▶ [TASK INSTRUCTIONS]
Copy the data precisely, character for character, and leave out every picture.

[Stored data]
# # # # #

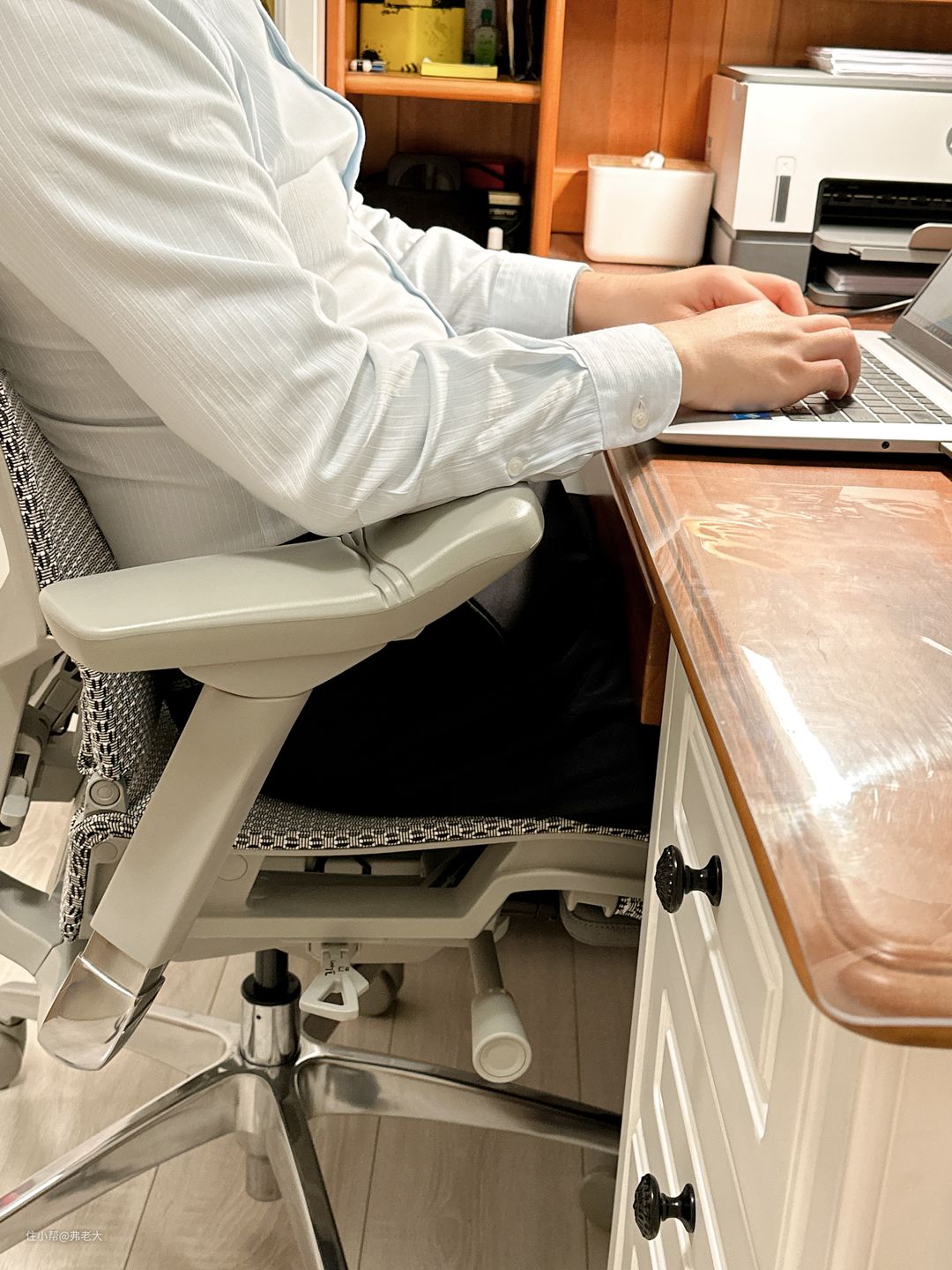 楼主和老婆正在使用的Ergonor 保友Pofit 2 代人体工学椅,是一款高端智能的居家办公家具。它搭载第3代升级仿生黑科技,具有双重全脊椎支撑和8区分布均匀承托的强大效果,让老婆大人久坐腰椎间盘疼痛的症状得到了缓解;通过多部位、多维度精准调节,完美承载坐仰躺不同姿态的全身舒适;6维悬浮扶手是一大亮点,满足不同姿态下的手部放置需求,舒缓手臂及肩膀酸痛;手动+电动双模操控,一键即达,便利与趣味兼有;还有预装配无需安装、PU滑轮、挂衣钩等贴心设计,契合便捷省心的品质生活。
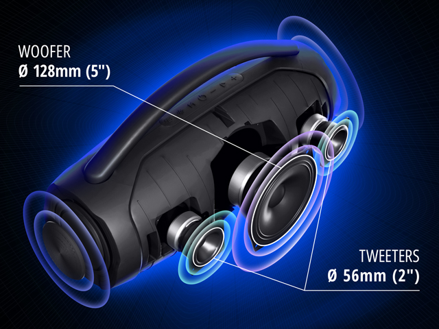 Connect two speakers via a wireless channel and create a stereo-pair powered by TWS technologies to throw a great party! Powerful wide format stereo-sound will create unforgettable music image!
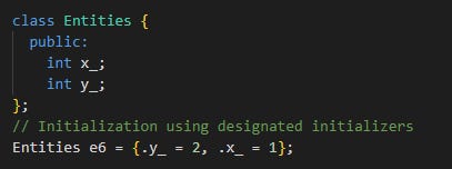 C++20 introduced designated initializers, which allow for initializing structs and arrays in a more readable and maintainable way. For example, struct A { int x; int y; } a = {.y = 2, .x = 1};
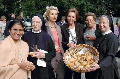 Mehr als 1.000 Gäste feierten am 16. September 2006 gemeinsam mit den Kreuzschwestern das Fest zum 150-Jahr-Jubiläum der Ordensgemeinschaft. Bischof Ludwig Schwarz betonte in seiner Predigt, dass die Menschen nach Frauen Ausschau halten, die für Gott und in Gott leben: „Wir danken den Kreuzschwestern, dass sie dieses Zeugnis geben.“ Im Anschluss an die Messfeier gab es vor dem Dom ein Beisammensein bei Brot und Wein. Zu den Gästen gehörte auch Sr. Roseline aus Indien (links). Die Provinz OÖ/Salzburg unterstützt seit Jahrzehnten finanziell und personell den Aufbau der inzwischen großen Kreuzschwesterngemeinschaften in Indien bei.
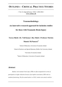 voice to the voices of others and examine the lived experience of students with the same condition to identify possible supports that would enhance inclusion in higher education. This research was driven by the desire to illuminate both the hidden nuances of personal experience (hence the use of autoethnography) and to highlight the lack of research about educational participation of TBI survivors. The analysis was from both professional and personal perspectives. Through an examination via an iterative and interconnected research process, the authors explored the question, what are the supports for participation and access for students with TBI in higher education considering the first author’s experiences. Traditional research might provide generalizable data but may not facilitate deep illumination of experience and voice. This examination transcended traditional research and comprised Students with traumatic brain injury (TBI) are often marginalized in terms of participation in higher education because of an implicit association of TBI with less academic functioning. The first named author is a Ph.D. scholar who aimed to add her autoethnographic and interview-based inquiry. It challenged the research team to consider different perspectives and to interrogate their own interconnections in the same engagement while working towards the same goal. The concept of transmethodology will be discussed regarding the development of multiple perspectives that can assist in transgressing the common divisions in the theory and practice divide and explores knowledge of marginalization regarding participation for students with TBI. This paper argues for the importance of innovations such as transmethodology when researching deeply personal phenomena.
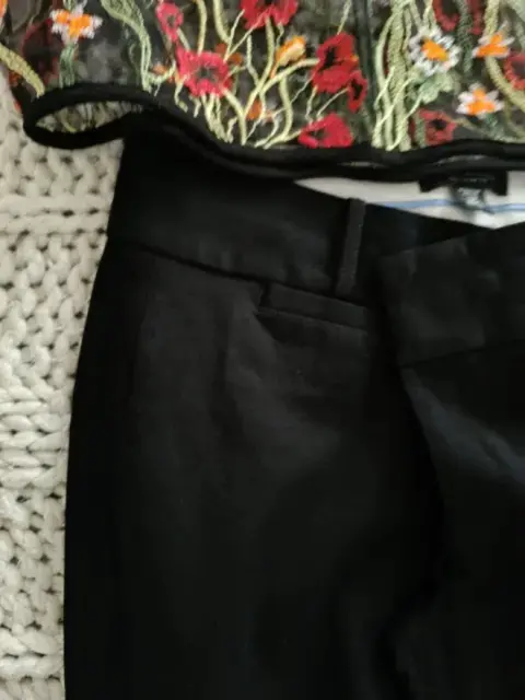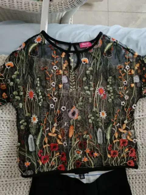 Pantalón negro talla 12petit marca Banana Repúblic. Blusa Sasha talla G translúcida con bordados florales. Acompañalo con sandalias de tacón. Lucirás muy femenina.
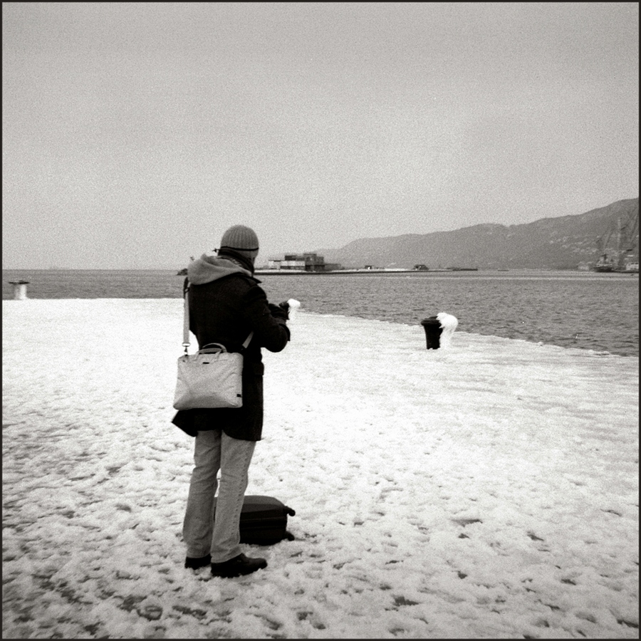 Grazie Nicola per il graditissimo commento. La foto risale a questo inverno,mi ero avventurato sul molo Audace,completamente ghiacciato,con un forte vento che rendeva precario l'equilibrio,la temperatura di vari gradi sotto lo zero mi aveva anestetizzato le mani,c'era solo questo ragazzo che cercava anche lui di scattare qualche foto con il telefonino.Sembravamo confinati in una zona ostile e pericolosa ed il pensiero è andato alla "valle della morte" anche se la location era completamente diversa.Avevo con me l'Eura Ferrania,mia prima macchina regalatami quando avevo 14 anni,un solo tempo di scatto circa 1/50,due diaframmi f.8 e f.12,tutta plastica,anche l'ottica.Ti mostro un secondo scatto ancora più mosso! Ciao,Sergio.
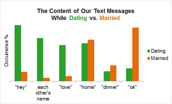Il modo di comunicare in un rapporto di coppia cambia con il passare del tempo: analizzando gli sms inviati notiamo quali sono le parole più utilizzate prima e dopo il matrimonio.
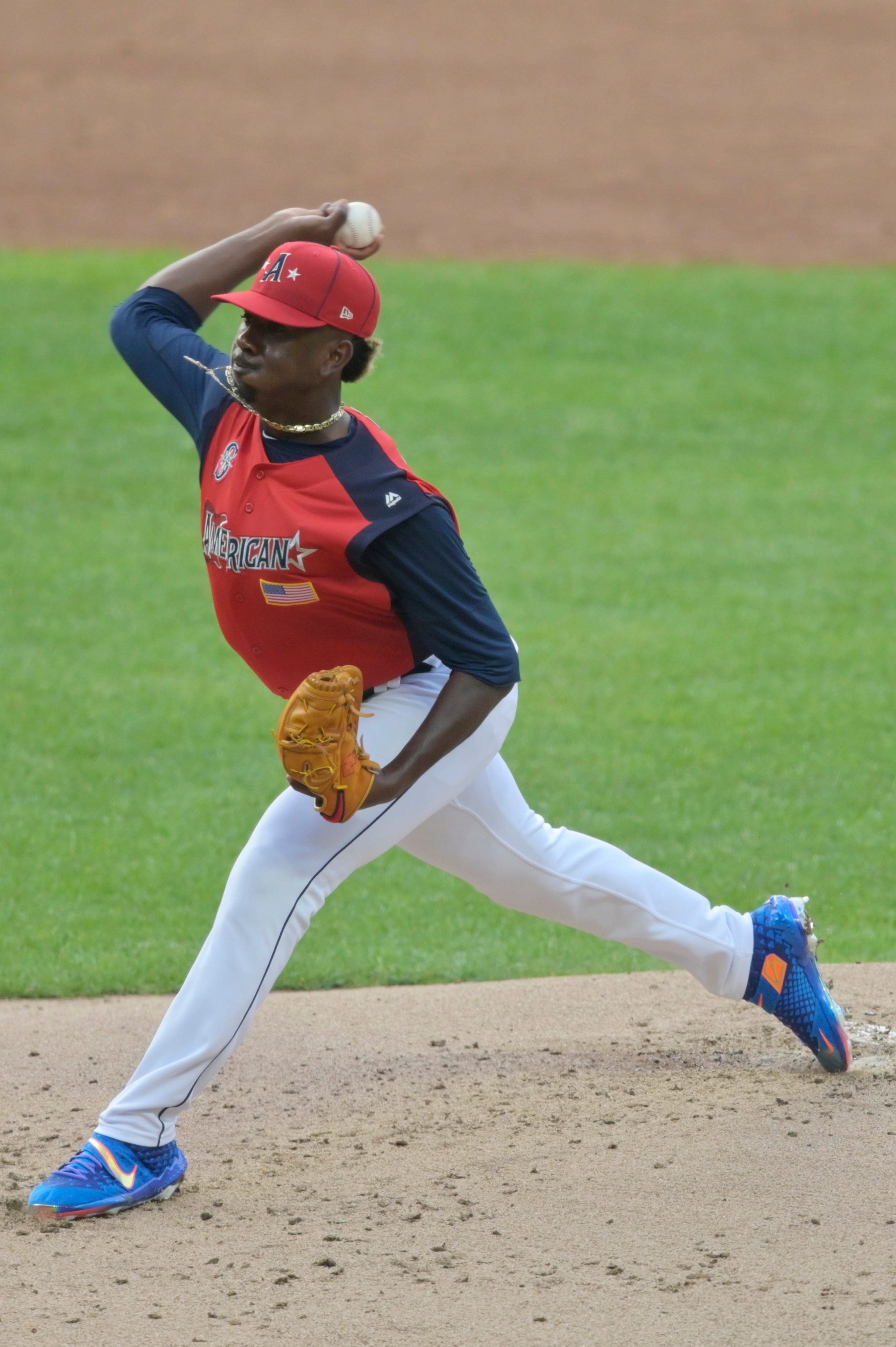 Jul 7, 2019; Cleveland, OH, USA; American League pitcher Justin Dunn (6) delivers in the second inning in the 2019 MLB All Star Futures Game at Progressive Field. Mandatory Credit: David Richard-USA TODAY Sports / David Richard
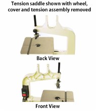 Designed to fit most 14" cast frame saws regardless of riser block configuration. See pictures for tension saddle illustration, ribs and webbing do not have to be identical to picture, just the tension saddle where the Quick Release fits. This product does not fit steel frame saws.
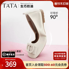 TATA他她生巧奶油裸色平底鞋女软底舒适真皮单鞋女方扣护士鞋百搭
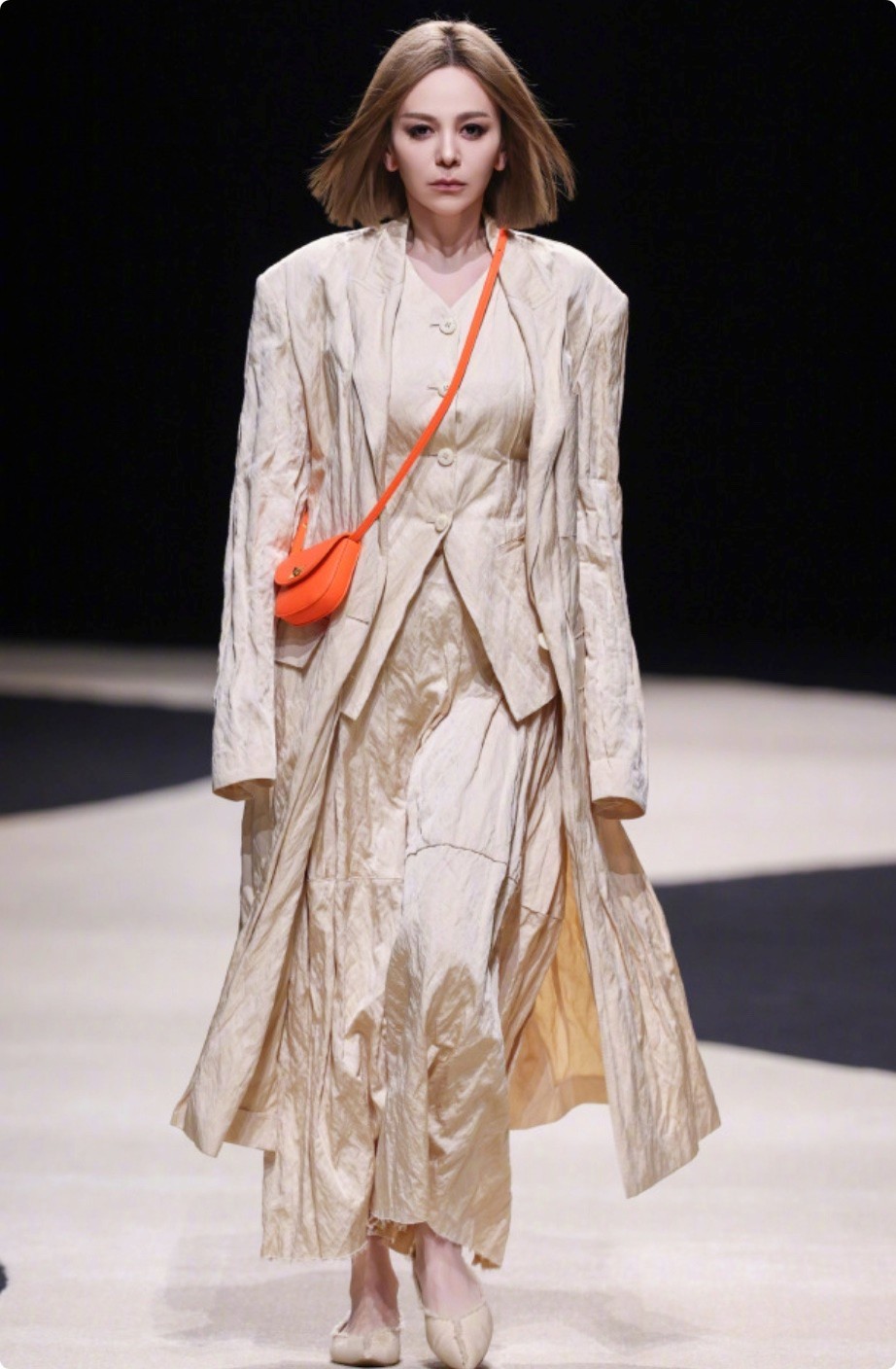 王琳53岁,身高168,在女明星的这个赛道里她的比例出众,身高恰到好处,但是在模特这个赛道,王琳身高不够,穿着这种长款的时装,也很容易像套了个大棉被。
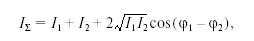 де φ - різниця фаз інтерферуючих променів, І1 і І2 - їх інтенсивності, g - ступінь когерентності.
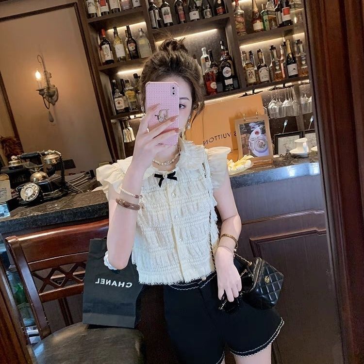 샤넬 스타일 인형 칼라 레이스 셔츠 여자 2025 년 여름 뉴 쉬폰 티셔츠 쇼트탑 스위트 패션 올매치스토어 가기

# # # # #

▶ [EXERCISE RESPONSE]
 楼主和老婆正在使用的Ergonor 保友Pofit 2 代人体工学椅,是一款高端智能的居家办公家具。它搭载第3代升级仿生黑科技,具有双重全脊椎支撑和8区分布均匀承托的强大效果,让老婆大人久坐腰椎间盘疼痛的症状得到了缓解;通过多部位、多维度精准调节,完美承载坐仰躺不同姿态的全身舒适;6维悬浮扶手是一大亮点,满足不同姿态下的手部放置需求,舒缓手臂及肩膀酸痛;手动+电动双模操控,一键即达,便利与趣味兼有;还有预装配无需安装、PU滑轮、挂衣钩等贴心设计,契合便捷省心的品质生活。
 Connect two speakers via a wireless channel and create a stereo-pair powered by TWS technologies to throw a great party! Powerful wide format stereo-sound will create unforgettable music image!
 C++20 introduced designated initializers, which allow for initializing structs and arrays in a more readable and maintainable way. For example, struct A { int x; int y; } a = {.y = 2, .x = 1};
 Mehr als 1.000 Gäste feierten am 16. September 2006 gemeinsam mit den Kreuzschwestern das Fest zum 150-Jahr-Jubiläum der Ordensgemeinschaft. Bischof Ludwig Schwarz betonte in seiner Predigt, dass die Menschen nach Frauen Ausschau halten, die für Gott und in Gott leben: „Wir danken den Kreuzschwestern, dass sie dieses Zeugnis geben.“ Im Anschluss an die Messfeier gab es vor dem Dom ein Beisammensein bei Brot und Wein. Zu den Gästen gehörte auch Sr. Roseline aus Indien (links). Die Provinz OÖ/Salzburg unterstützt seit Jahrzehnten finanziell und personell den Aufbau der inzwischen großen Kreuzschwesterngemeinschaften in Indien bei.
 voice to the voices of others and examine the lived experience of students with the same condition to identify possible supports that would enhance inclusion in higher education. This research was driven by the desire to illuminate both the hidden nuances of personal experience (hence the use of autoethnography) and to highlight the lack of research about educational participation of TBI survivors. The analysis was from both professional and personal perspectives. Through an examination via an iterative and interconnected research process, the authors explored the question, what are the supports for participation and access for students with TBI in higher education considering the first author’s experiences. Traditional research might provide generalizable data but may not facilitate deep illumination of experience and voice. This examination transcended traditional research and comprised Students with traumatic brain injury (TBI) are often marginalized in terms of participation in higher education because of an implicit association of TBI with less academic functioning. The first named author is a Ph.D. scholar who aimed to add her autoethnographic and interview-based inquiry. It challenged the research team to consider different perspectives and to interrogate their own interconnections in the same engagement while working towards the same goal. The concept of transmethodology will be discussed regarding the development of multiple perspectives that can assist in transgressing the common divisions in the theory and practice divide and explores knowledge of marginalization regarding participation for students with TBI. This paper argues for the importance of innovations such as transmethodology when researching deeply personal phenomena.
 Pantalón negro talla 12petit marca Banana Repúblic. Blusa Sasha talla G translúcida con bordados florales. Acompañalo con sandalias de tacón. Lucirás muy femenina.
 Grazie Nicola per il graditissimo commento. La foto risale a questo inverno,mi ero avventurato sul molo Audace,completamente ghiacciato,con un forte vento che rendeva precario l'equilibrio,la temperatura di vari gradi sotto lo zero mi aveva anestetizzato le mani,c'era solo questo ragazzo che cercava anche lui di scattare qualche foto con il telefonino.Sembravamo confinati in una zona ostile e pericolosa ed il pensiero è andato alla "valle della morte" anche se la location era completamente diversa.Avevo con me l'Eura Ferrania,mia prima macchina regalatami quando avevo 14 anni,un solo tempo di scatto circa 1/50,due diaframmi f.8 e f.12,tutta plastica,anche l'ottica.Ti mostro un secondo scatto ancora più mosso! Ciao,Sergio.
Il modo di comunicare in un rapporto di coppia cambia con il passare del tempo: analizzando gli sms inviati notiamo quali sono le parole più utilizzate prima e dopo il matrimonio.
 Jul 7, 2019; Cleveland, OH, USA; American League pitcher Justin Dunn (6) delivers in the second inning in the 2019 MLB All Star Futures Game at Progressive Field. Mandatory Credit: David Richard-USA TODAY Sports / David Richard
 Designed to fit most 14" cast frame saws regardless of riser block configuration. See pictures for tension saddle illustration, ribs and webbing do not have to be identical to picture, just the tension saddle where the Quick Release fits. This product does not fit steel frame saws.
 TATA他她生巧奶油裸色平底鞋女软底舒适真皮单鞋女方扣护士鞋百搭
 王琳53岁,身高168,在女明星的这个赛道里她的比例出众,身高恰到好处,但是在模特这个赛道,王琳身高不够,穿着这种长款的时装,也很容易像套了个大棉被。
 де φ - різниця фаз інтерферуючих променів, І1 і І2 - їх інтенсивності, g - ступінь когерентності.
 샤넬 스타일 인형 칼라 레이스 셔츠 여자 2025 년 여름 뉴 쉬폰 티셔츠 쇼트탑 스위트 패션 올매치스토어 가기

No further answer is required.